Fitzmaurice: Mayo ahead of Dublin in physicality stakes
Published 20/08/2014 | 02:30
The difference between the Mayo team he is planning for now as Kerry manager and the Mayo team he faced as a player a decade ago?
Eamonn Fitzmaurice cuts straight to the chase.
Recent pre and post engagement between rival managers hasn't prompted him to mind his step in any way.
"Mayo are a way more physical. That has been the hallmark of James Horan since he came in," noted Fitzmaurice.
There is no agenda to what Fitzmaurice is saying, no hidden meaning. It's an observation about Mayo that now jumps off the page about them without pause or hesitation.
The former All-Ireland winning half-back, known for pragmatic more than dramatic assessments, views them as superior to even Dublin in that one critical aspect of the game.
"In terms of their conditioning, they are probably the premier team in the country. Dublin are obviously at a serious level as well.
"But Mayo took it there first and other teams had to react. We certainly had to in Kerry," reflected Fitzmaurice.
"There is a ferocious togetherness in the group. They showed a lot of character against Roscommon and that was a game that they could have easily folded up the tent, gone home and been beaten in.
"But they showed a lot of character to come back and win that game.
"They have a lot of the hallmark of champions about them and have been very, very close the last couple of years.
"In neither game did they get any breaks that you need to win an All-Ireland final, particularly a tight All-Ireland final.
"So they are a serious, serious group. They have an edge about them and if we are going to beat them, we will have to be at our best."
Fitzmaurice is conscious of how easily Galway were able to break the Kerry line the last day, with Shane Walsh, Michael Lundy and Thomas Flynn all doing damage.
It is a matter that has been given urgent priority.
"We were disappointed with the Flynn's goal of course. The backs were disappointed with it but we have addressed it in the meantime," he said.
"Mayo have some serious line breakers who can come through the middle, the likes of Lee Keegan, Donal Vaughan, Aidan O'Shea and Keith Higgins.
"On the day against Galway it was not good enough certainly and it is an area we will have to improve on."
Fitzmaurice feels there has been no dip in expectancy for the team around Kerry despite the raft of high-profile retirements and injuries.
"There is still the same expectancy in Kerry. I don't think it is that much of a factor," he said. "Maybe every game we are playing we are fancied to be beaten in, so that might be a liberating thing.
"But it is not something we use or not something we talk about. I suppose there isn't any huge pressure on us externally.
"Some of the lads have learned the hard way, that if you don't back yourself when you get a chance, you can be a long time waiting for another chance to come around.
"So I think a lot of them are in a position now where they know it is a time to really grab it. While it is a young team, a lot of them in the 23-25 age bracket, it's not as if they are 19 or 20-year-olds.

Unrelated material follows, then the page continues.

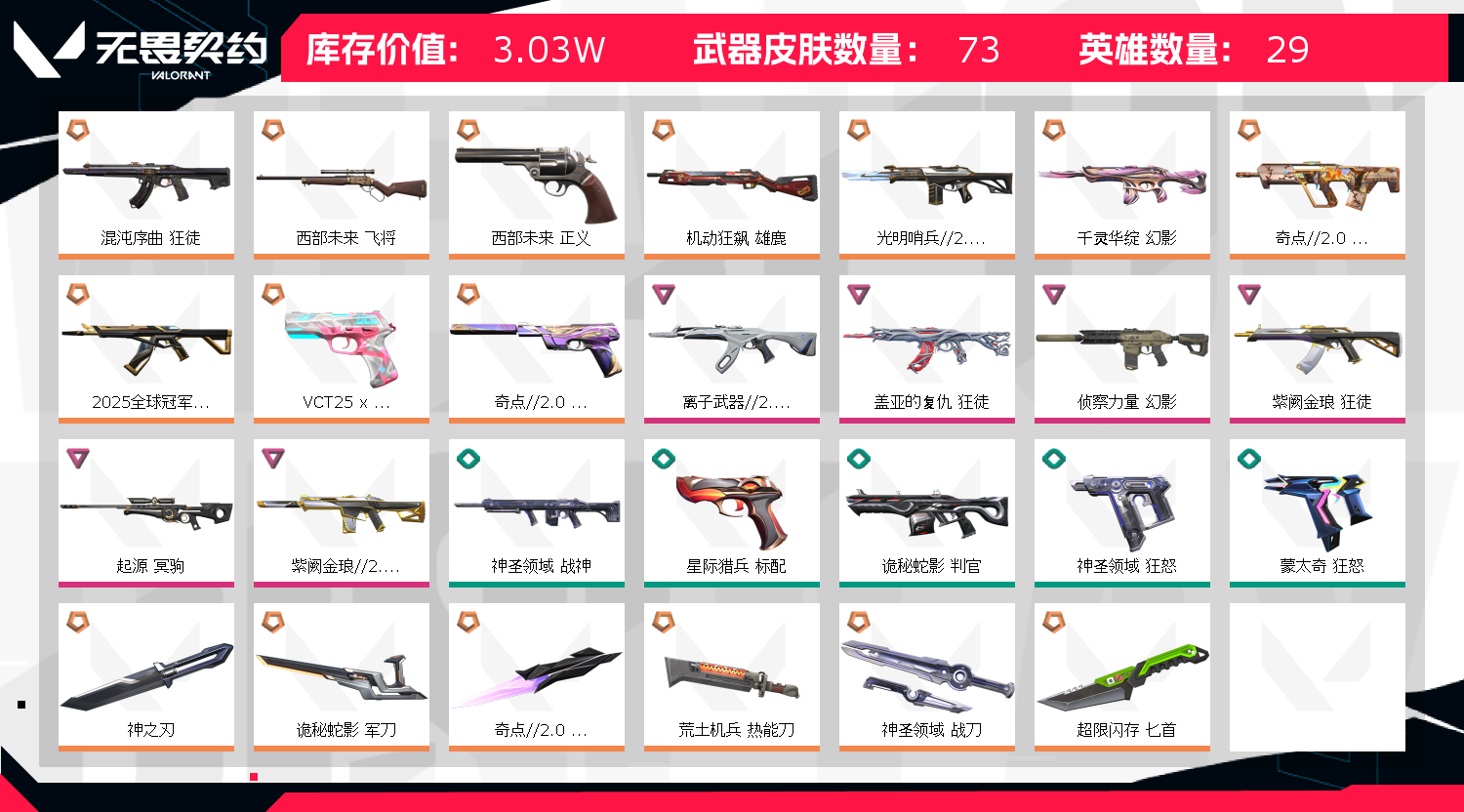 狂徒:盖亚,混沌,资金,25冠军,奇点,离子。幻影:侦查,莲花,紫金,哨兵近站:神之刃,奇点蝴蝶刀

"They've had experience where they have been given try-outs before and it hasn't quite worked out for them.
"They know it's time to really grab it and they have."
Fitzmaurice said he was never intimidated by the prospect of taking on the job through such a period of potential transition, even as successive League campaigns were stalked by relegation.
"I wouldn't have taken the job if I did not think that there was stuff there. I knew a lot of the players from the U-21s and the college scene," he said.
Fitzmaurice revealed that Colm Cooper has also taken an influential role within the squad over the summer as he continues to recover from his cruciate ligament tear earlier in the year.
"Colm been back in with us since we've been training in Killarney from April.
"He's been getting his rehab work done, he's been part of the group and it's good for him because that rehab work can be very lonely if you're doing it on your own.
"He's a presence in our team meetings and if he has a point to make he'll make it. He's still a very important part to the group," acknowledged the manager.
"He's enjoying it. Obviously he's finding the game days difficult because he wants to be playing."
Cooper is ahead of schedule since his injury in February but still won't play again until 2015, despite the obvious progress they see every night.
"Some nights you'd be looking at him in the stadium and he's kicking and running in straight line and he's hopping on trampolines," revealed Fitzmaurice.
"He's doing everything and you'd be saying 'it looks like there's 10 minutes in him'. But I'm afraid not."